#### Task description:
From the line that contains "宣勇号召全校师生,在迎评工作" through the closing line of the entries, write out each line exactly; pictures stay out.

[Opening Data section]

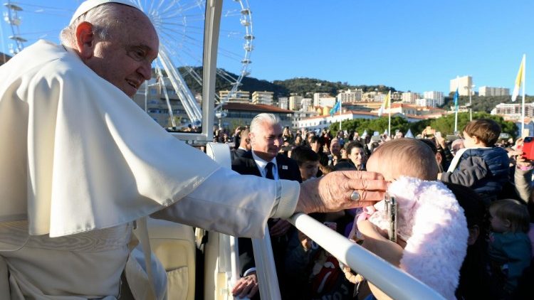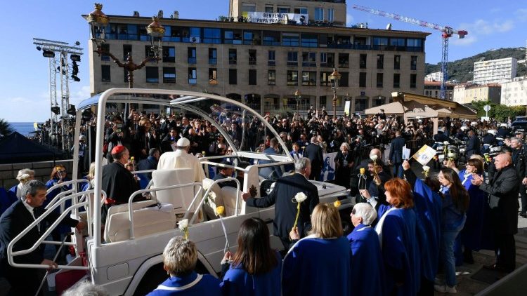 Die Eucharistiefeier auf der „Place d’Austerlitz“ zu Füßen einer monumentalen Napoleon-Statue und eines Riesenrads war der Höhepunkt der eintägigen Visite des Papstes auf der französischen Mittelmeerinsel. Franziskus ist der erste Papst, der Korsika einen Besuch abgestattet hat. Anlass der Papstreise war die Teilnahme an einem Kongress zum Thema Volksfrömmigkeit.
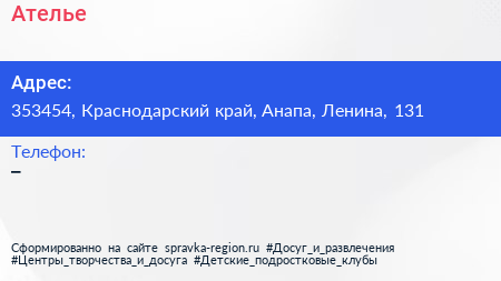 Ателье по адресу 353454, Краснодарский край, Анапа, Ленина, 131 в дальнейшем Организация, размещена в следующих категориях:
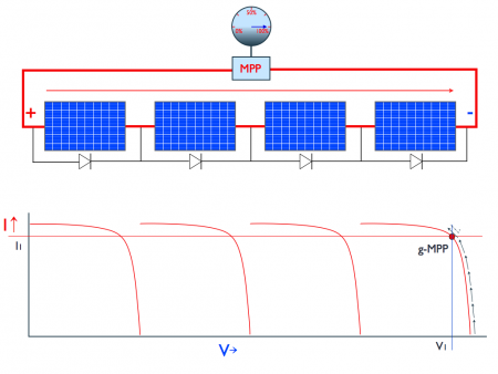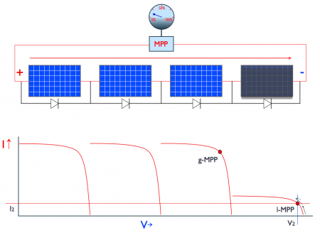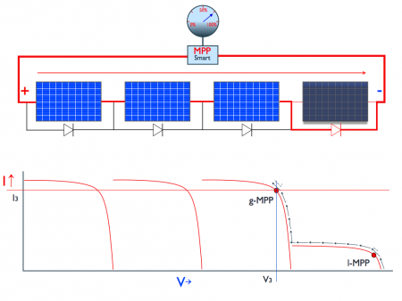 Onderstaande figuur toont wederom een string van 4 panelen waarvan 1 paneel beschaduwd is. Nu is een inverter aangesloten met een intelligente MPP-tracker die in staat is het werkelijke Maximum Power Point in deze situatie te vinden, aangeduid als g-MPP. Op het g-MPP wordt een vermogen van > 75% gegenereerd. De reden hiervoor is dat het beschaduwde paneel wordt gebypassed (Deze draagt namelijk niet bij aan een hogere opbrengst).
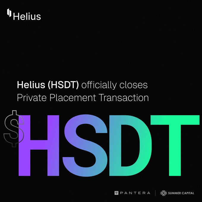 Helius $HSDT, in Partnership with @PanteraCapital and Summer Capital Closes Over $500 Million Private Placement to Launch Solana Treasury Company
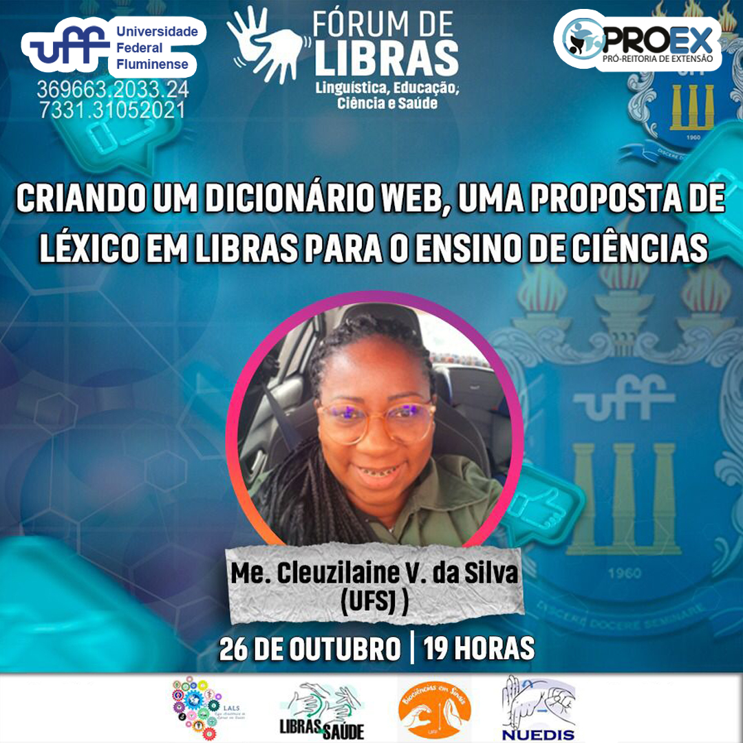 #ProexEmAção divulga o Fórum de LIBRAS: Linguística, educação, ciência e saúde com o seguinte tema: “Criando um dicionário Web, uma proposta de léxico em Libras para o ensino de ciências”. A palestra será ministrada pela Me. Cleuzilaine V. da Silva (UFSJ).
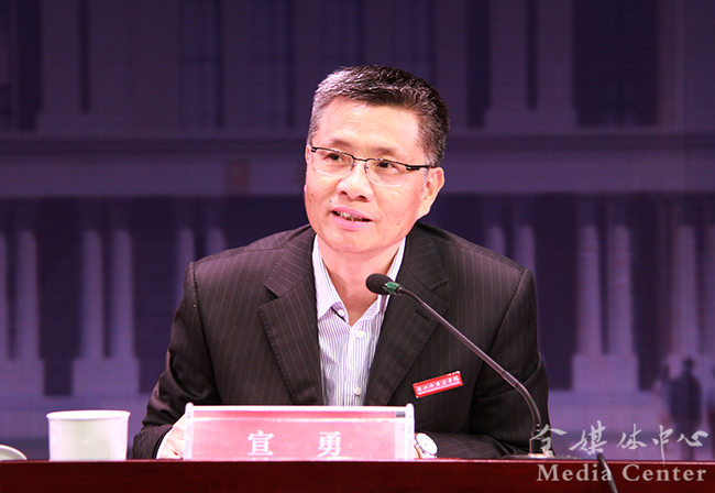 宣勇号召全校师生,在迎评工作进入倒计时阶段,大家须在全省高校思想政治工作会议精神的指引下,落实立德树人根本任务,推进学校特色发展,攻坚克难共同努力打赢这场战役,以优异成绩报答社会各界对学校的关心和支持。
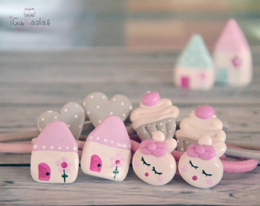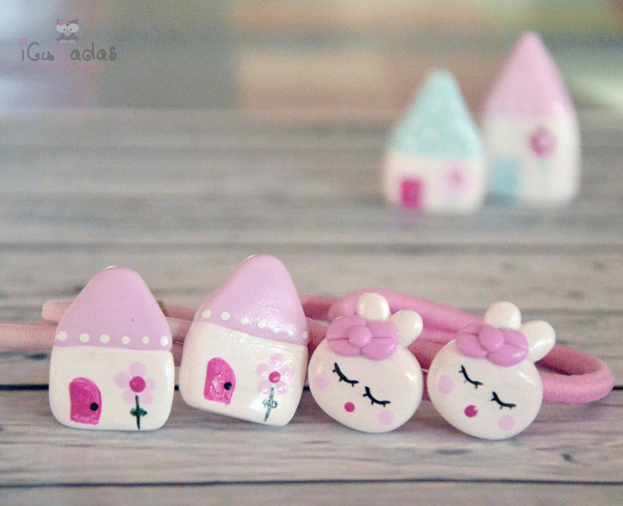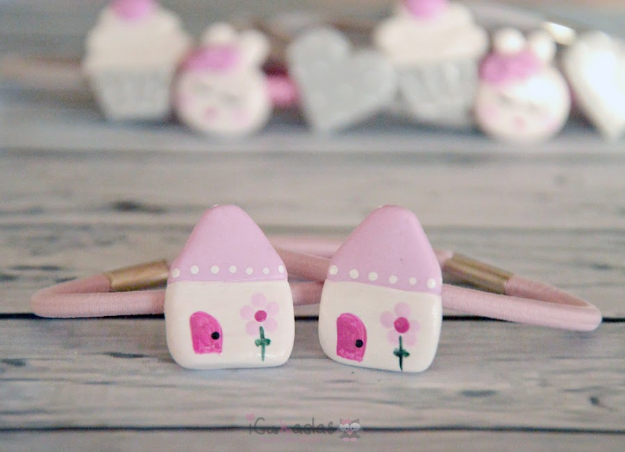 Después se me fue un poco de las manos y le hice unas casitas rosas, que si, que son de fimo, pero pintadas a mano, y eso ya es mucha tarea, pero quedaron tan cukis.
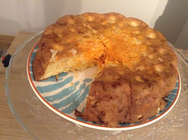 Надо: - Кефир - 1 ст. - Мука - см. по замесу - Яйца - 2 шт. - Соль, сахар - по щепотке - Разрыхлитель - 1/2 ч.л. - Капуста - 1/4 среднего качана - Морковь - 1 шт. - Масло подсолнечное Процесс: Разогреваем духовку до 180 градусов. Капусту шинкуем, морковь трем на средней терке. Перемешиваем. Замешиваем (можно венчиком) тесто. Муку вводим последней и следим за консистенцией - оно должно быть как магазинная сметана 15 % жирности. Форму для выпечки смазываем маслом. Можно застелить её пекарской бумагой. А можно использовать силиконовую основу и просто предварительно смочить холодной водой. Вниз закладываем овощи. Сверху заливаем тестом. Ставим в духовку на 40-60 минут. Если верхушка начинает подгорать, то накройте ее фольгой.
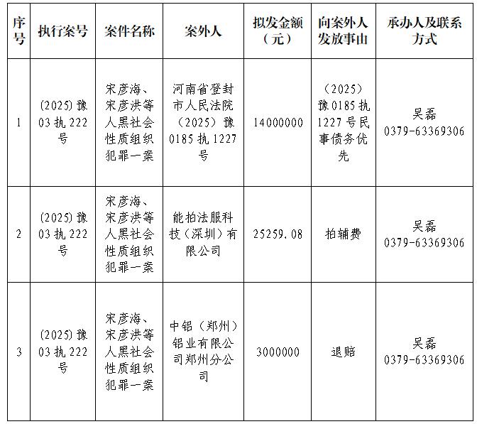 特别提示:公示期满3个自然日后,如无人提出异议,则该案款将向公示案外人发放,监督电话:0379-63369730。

[Closing Data section]

#### Answer to this task:
 宣勇号召全校师生,在迎评工作进入倒计时阶段,大家须在全省高校思想政治工作会议精神的指引下,落实立德树人根本任务,推进学校特色发展,攻坚克难共同努力打赢这场战役,以优异成绩报答社会各界对学校的关心和支持。
 Después se me fue un poco de las manos y le hice unas casitas rosas, que si, que son de fimo, pero pintadas a mano, y eso ya es mucha tarea, pero quedaron tan cukis.
 Надо: - Кефир - 1 ст. - Мука - см. по замесу - Яйца - 2 шт. - Соль, сахар - по щепотке - Разрыхлитель - 1/2 ч.л. - Капуста - 1/4 среднего качана - Морковь - 1 шт. - Масло подсолнечное Процесс: Разогреваем духовку до 180 градусов. Капусту шинкуем, морковь трем на средней терке. Перемешиваем. Замешиваем (можно венчиком) тесто. Муку вводим последней и следим за консистенцией - оно должно быть как магазинная сметана 15 % жирности. Форму для выпечки смазываем маслом. Можно застелить её пекарской бумагой. А можно использовать силиконовую основу и просто предварительно смочить холодной водой. Вниз закладываем овощи. Сверху заливаем тестом. Ставим в духовку на 40-60 минут. Если верхушка начинает подгорать, то накройте ее фольгой.
 特别提示:公示期满3个自然日后,如无人提出异议,则该案款将向公示案外人发放,监督电话:0379-63369730。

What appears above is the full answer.